Dasilva Ajayi, the creative director of LDA label is an A-list Nigerian fashion designer whose fame spreads across Nigeria and abroad. She has participated in top fashion shows and her label is a delight to every fashion-discerning and successful woman.
Launched in 2005, her eponymous label includes couture, ready-to-wear, jewelry and hairpieces. Dasilva Ajayi’s collections often incorporate metallic fabrics, lace and African patterns, while referencing the 1940s or 1800s. The Africa Fashion Guide recognizes her as having “… created a name for herself in high fashion in Nigeria.”
Elegance, ease, and accessibility have always been the core of her design philosophy, which has allowed her to turn LDA into a global luxury lifestyle brand.
Upon high school graduation in Nigeria, Dasilva Ajayi moved to the United Kingdom to continue her studies. For her undergraduate degree, she majored in business administration at Coventry University. She obtained a master’s degree in Finance from the University of Leicester.
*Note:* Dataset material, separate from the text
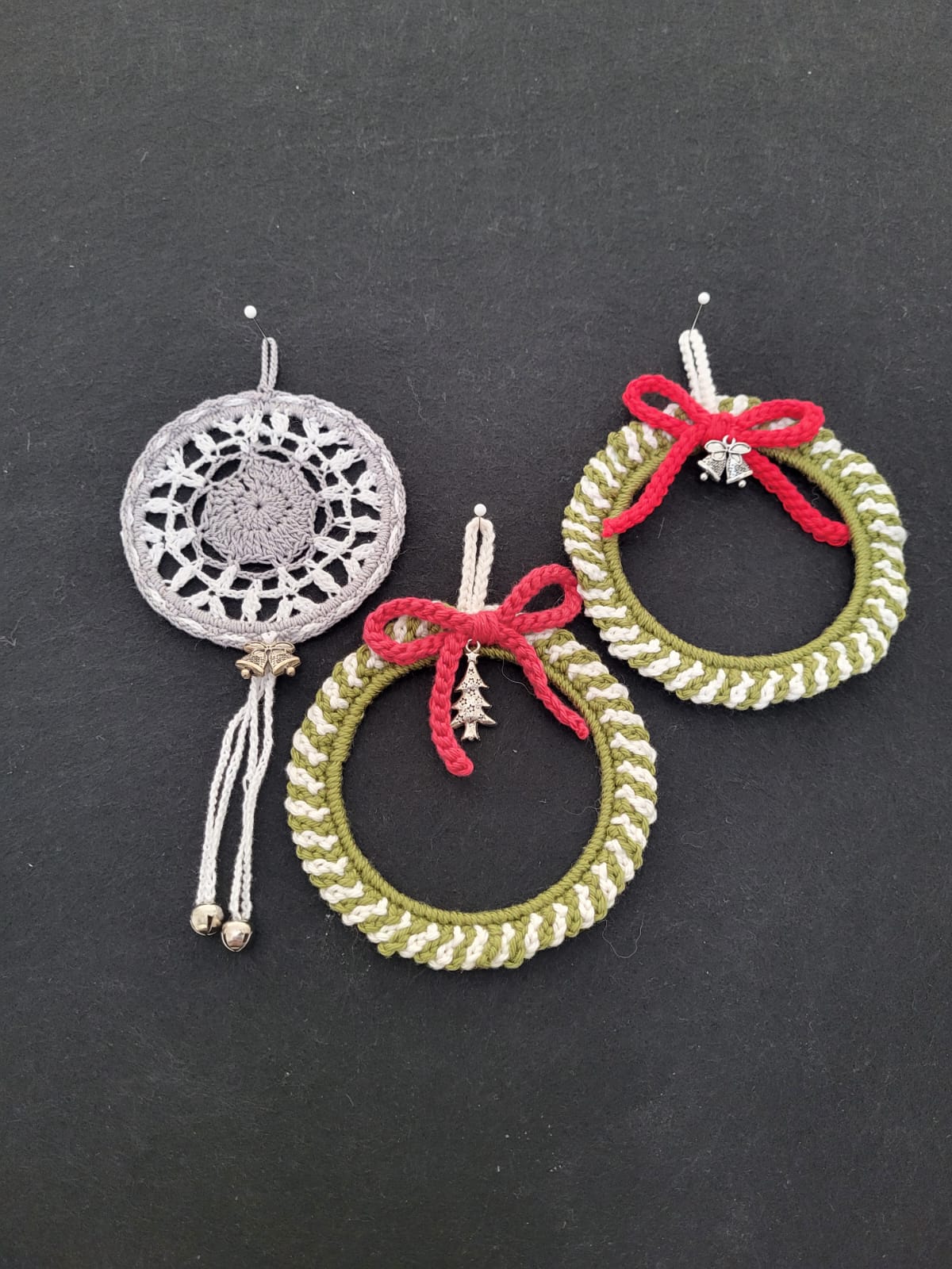 Elke krans is zorgvuldig met de hand gehaakt van hoogwaardig katoengaren en versierd met een klein metalen bedeltje en een sierlijk strikje.

A native of Lagos State, Dasilva Ajayi is from the illustrious Dasilva family of Lagos Island. Her father, Sir Leo Babarinde Dasilva, who died in 2015, was the former Secretary to the Lagos State Government. She is married to Kunle Ajayi, an engineer; and their union is blessed with two children.
In 2011, Dasilva Ajayi presented her collection at New York Fashion Week, where it was described as combining “… the archetypal bright, warm colours of her homeland with refined ladylike silhouettes inspired by Italian architecture”. Seen as an African luxury brand, her clothing line has been sold at Dolce & Gabbana’s “Concept Spiga 2” store in Milan. In 2012, she was one of two designers asked to join the United Nations “Fashion Development Project” which helps supports her continent’s luxury industry. That same year her label was featured in the magazine L’Uomo Vogue in an issue called «Re-branding Africa».
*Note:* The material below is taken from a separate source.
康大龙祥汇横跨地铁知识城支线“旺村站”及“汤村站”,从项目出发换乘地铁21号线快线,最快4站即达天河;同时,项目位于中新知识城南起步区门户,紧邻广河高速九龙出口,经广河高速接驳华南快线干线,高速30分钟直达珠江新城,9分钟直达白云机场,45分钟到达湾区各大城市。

In 2012, Italian Vogue wrote a piece on Dasilva Ajayi, mentioning that she has a “… great following in Africa, where her designs are widely recognized thanks to the media and celebrities that support her.” In 2014, she was mentioned once more in Vogue Italia, where the designer spoke about meeting the magazine’s editor Franca Sozzani, who got her collection noticed and stocked at online fashion retailer yoox.com. Dasilva Ajayi’s designs have also been featured in Vogue Black and Arise Magazine. Her clothes have been described as groundbreaking in their use of traditional African prints. She is recognized for re-interpreting and modernizing traditional motifs, making them an important part of her designs. In 2017, Dasilva Ajayi was asked to create outfits for the 2017 look book of Vlisco, an African fabrics and textiles manufacturer.
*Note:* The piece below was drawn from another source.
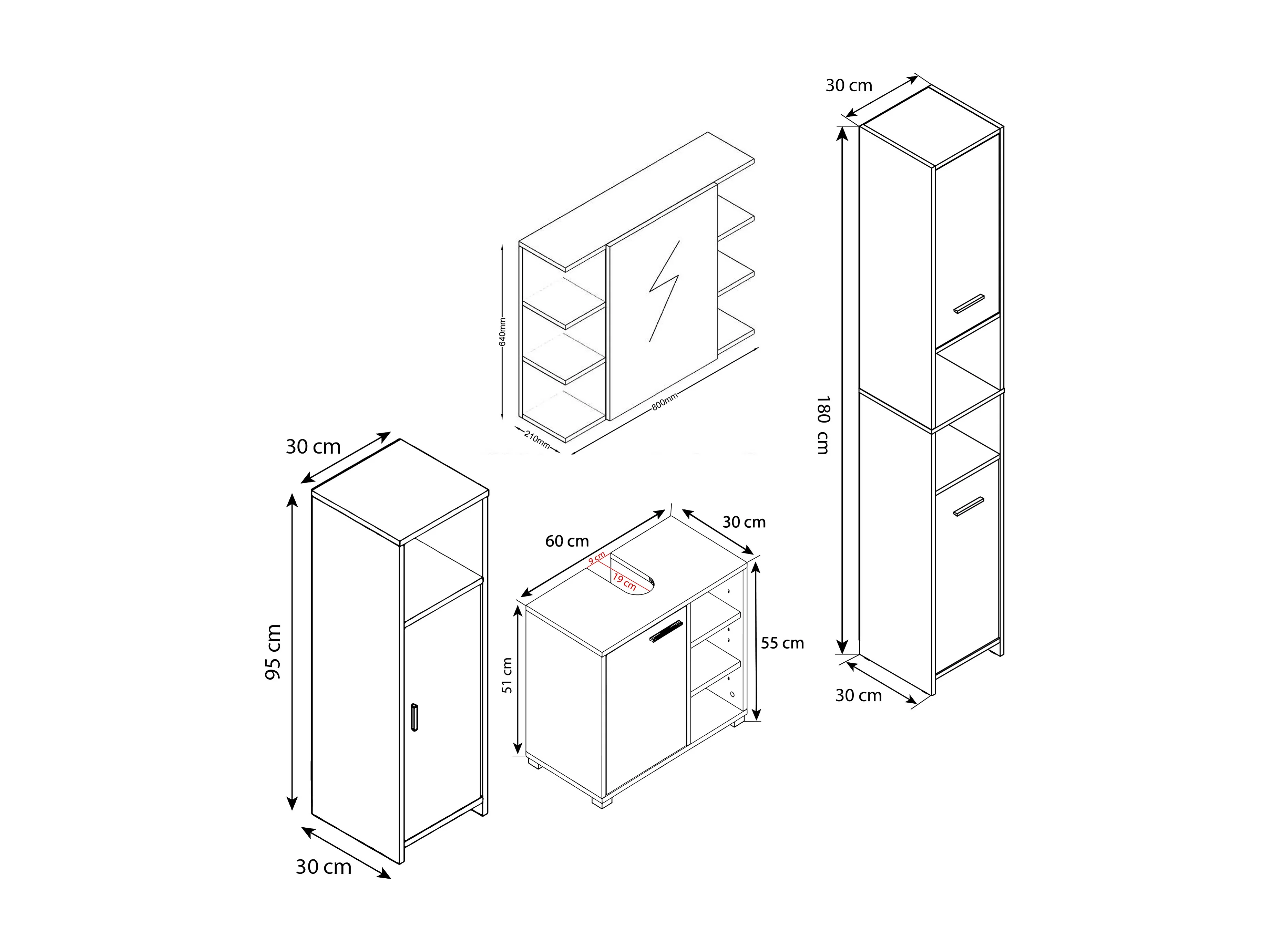 Bathroom furniture sets Zalo White H. 180 x W. 140 x D. 30 cm

In 2014, her “Rock Delight” collection was presented at the “Vogue Talents” fashion show in Milan, Italy. The designer was inspired by the colours and lines of Olumo Rock, a popular tourist destination located in Nigeria. Her clothes have also been seen at shows such as the 2008 Thisday Africa Rising Festival in London, the 2009 Arise Africa Fashion Festival in South Africa, the 2009 New York Couture Fashion Week and the 2011 Arise Magazine Fashion Week in Lagos. In 2018, Dasilva Ajayi returned to the Arise Africa Fashion Festival, where her collection was described as being elegant and accented by metallic gold colours. British supermodel Naomi Campbell opened the show wearing her outfits.
Creating what she calls wearable art, Dasilva Ajayi collaborated with artist Ayoola Gbolahan for her 2017 collection. Rich in details, the clothes are described as embodying an artistic imagery : “Art and fashion are successfully united in this collection with bold hand-painted images on solid colors.” That same year she was nominated for an Eloy Award, a Nigerian event celebrating female achievement.
Going by her exploits and sure-footedness in the fashion world, Lanre DaSilva Ajayi’s book of accomplishments is yet in its opening pages.